Read Welcome to the Greenhouse Online
Authors: Gordon Van Gelder
Bear shook his head. “Lost her,” he said. “Lung disease. Cancer, we think.”
Des looked up at Bear and laid a hand on his arm. “She’s with God now.”
Bear’s molars ground together. But he tried to take the words as Des intended: as comfort.
“Don’t worry about the colonel,” Des said. “Just keep your head down. You’ll do fine.”
“Hard for me to do,” Bear replied, “keeping my head down.” Des seemed to think he was joking, and chuckled. “How did you end up here?”
“Gloria and I never made it to Seattle. Fortunately we found this refuge. We joined Colonel O’Neal’s company a long time since, and we have been here doing the Lord’s work, helping to comfort the soldiers and succor the refugees.”
Succor?
Was that what they were calling it now?
“Colonel O’Neal is building an army,” Des went on. “He is working with others across the U.S. to rebuild and reclaim our country. It’s a great endeavor! You must join us. We need you.” He showed Bear the barracks, the “soldiers” doing drills, the fuel and military vehicles. Obviously O’Neal had big plans.
“The man doesn’t look very military.”
“Well… technically, he’s not.” In fact, the remaining few U.S. military battalions had been disbanded twelve years ago. There might be a few companies here and there, in the major cities, but they reported up no chain of command. “But that’s going to change soon. He wants to reconstitute the U.S: reunite the entire northern portion of the country.”
He went on like this for a while. Bear fell silent. Des eventually seemed to notice. He stopped and turned. “I know we parted on less-than-friendly terms, Bear, but that’s all behind us. I hope you know that. It’s a sign from God that you are here. I’m so thankful to see you.”
Bear said, “Pastor, we were friends once, and I’m grateful for your help just now. But I have no intention of joining Colonel O’Neal in these escapades. I simply want to take my kids and go.”
“Kids?” Pastor Des seemed confused. “You and Orla never had kids.”
“I mean the kids I came in with. The refugees. I made a promise. I mean to keep it.”
Des got a horrified look. “Oh, no, no, no. You have to let that go, Bear. There’s nothing you can do for them now. They’re destined for a munitions factory in Denver. We need all the hands we can get, to help us prepare for war.” “
What?”
“This is God’s plan! To make America great. We’re going to invade Canada.”

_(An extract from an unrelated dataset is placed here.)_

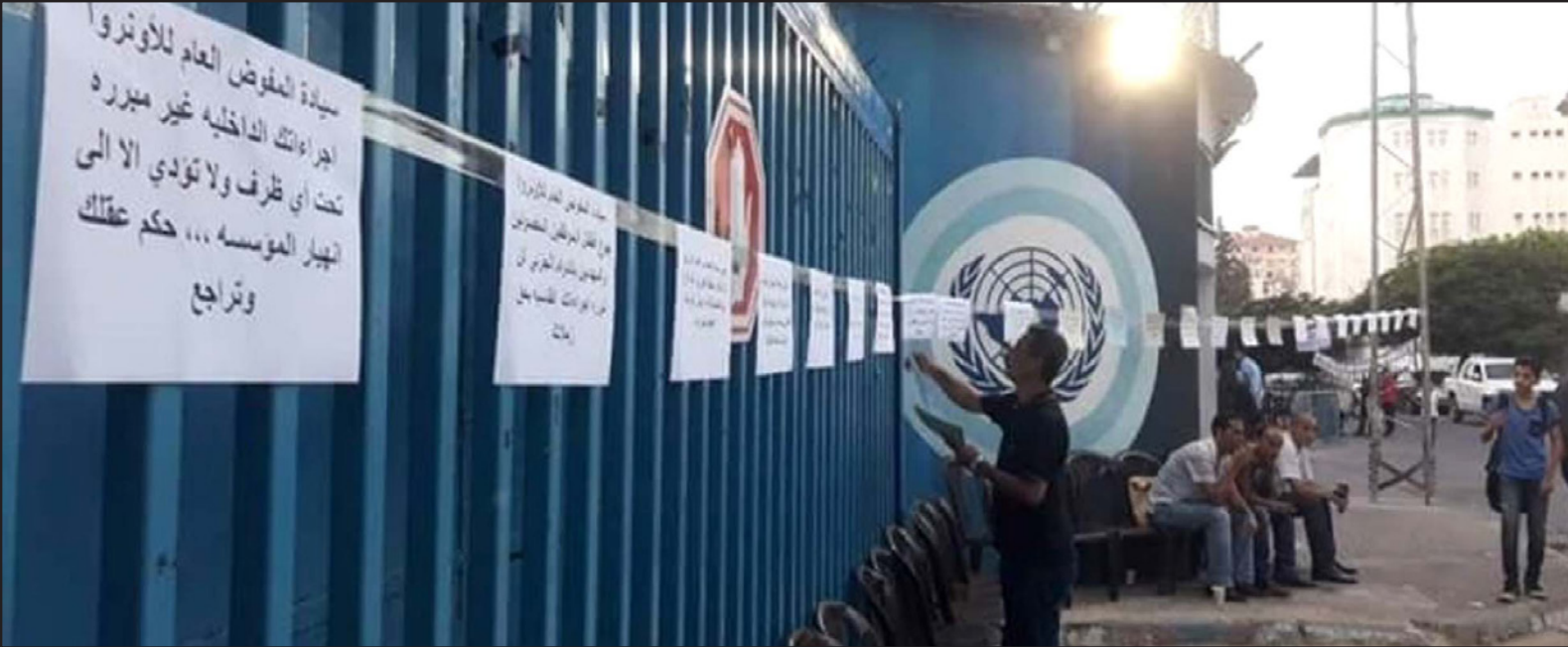
اتحاد موظفي «الأونروا» في قطاع غزة يغلّقون أبوابها احتجاجاً على قرارها بتفويض عدد من الموظفين

مع الخطط الإسرائيلية. وتعاني هذه المنظمة حالياً من عجز مالي يفوق الـ 200 مليون دولار، وتؤكد أن ما لديها من أموال لا يكفي سوى إلا لنهاية الشهر الحالي، وتعقد أعمالاً على مؤتمر للمانحين سيبدأ على هامش اجتماع الجمعية العامة للأمم المتحدة التي تعقد حالياً في نيويورك.

Now it was Bear’s turn to stare, horrified. “Des… that’s insane.”
“I thought so too, at first. But it’s a good plan. Let me show you.”
He had brought Bear to a giant hangar. The hangar had big radioactivity warning signs on it, and Authorized Personnel Only. A guard stood outside. He glowered at them, but Desmond gave him a stern look and he let them through. Des must be in good with the colonel. Or he had something on him.

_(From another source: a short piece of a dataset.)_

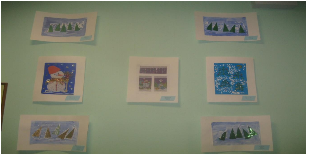
Выставка работ детей младшей группы №5 на тему: «Волшебный лес» МДОУ «Детский сад №29»

Inside the hangar was a blimp—the largest airship Bear had ever seen. It was lit by floodlights. People, ant-size against its flanks, swarmed around working on it. Beneath its belly was a cabin the size of a 757, and numerous missiles. Nuclear weapons.
“It’s nearly ready,” Des said. “It’s one of five military blimps that were built in the thirties and forties. Four are still in good repair. They’ve been moved to our northern border and are being outfitted for battle. The colonel is coordinating with other military commanders west of the Great Lakes.” You mean warlords, Bear thought. “We’ve uncovered this cache of nuclear warheads, and are going to use our blimp to deliver them to the other airships soon. I’m told they are even getting orders from
Washington,”
he said in a hushed voice tinged with awe. Unlikely, Bear thought, unless a tin pot dictator had set up shop in the White House. Which since Washington, D.C., was uninhabitable in the summer, like most of the U.S. south of about forty degrees north latitude, did not make sense.

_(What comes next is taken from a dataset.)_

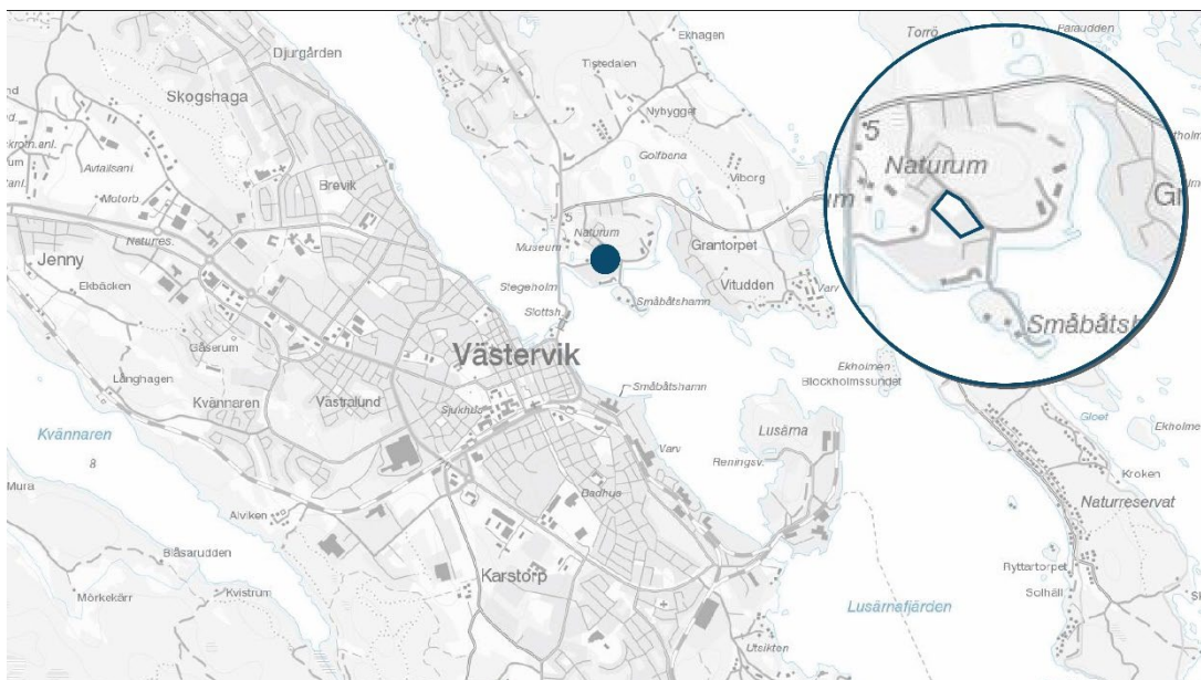
Figur 1: Planområdets lokalisering i förhållande till Västerviks tätort.

Planförslaget ska pröva möjligheten att ersätta befintlig verksamhet (segelmakeri) och gräsplanen med flerbostadshus. Inom planområdet planeras för ny bebyggelse i form av flerbostadshus i form av punkthus och/eller lamellhus bestående av fyra till sex våningar. Flerbostadshusen planeras möjliggöra för cirka 40 - 50 nya bostäder med tillhörande gårdar och kompletterande bebyggelse. De huvudalternativ till bebyggelse som utretts under planarbetets gång är dels ett punkthus i norra delen av planområdet, dels ett lamellhus längs Tändsticksvägen i södra delen av planområdet.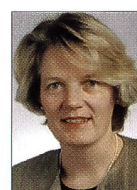
Brigitta Erhardt, Foto Video Ganz AG, Zürich

«Drei Tage Rummel», unter dieses Motto könnten wir die Demonstration von digitalen Kameras stellen. Zehn EDV-Anlagen und über 15 verschiedene Kameras mit Druckeinheiten und Scannern wurden von Donnerstag bis Samstag

Des went on, “We’re shorthanded. We need engineers who can help keep equipment in repair. Here’s a chance for you to show your worth. The colonel will reward you.”
Bear stared at his old friend. They stood beneath one of the few lights in the camp that was not burned out. Words wouldn’t come. Nuke Canada? The sheer delusional magnitude of the plan overwhelmed thought.
Des misinterpreted his silence. “Impressive, isn’t it? Our glory days are ahead.”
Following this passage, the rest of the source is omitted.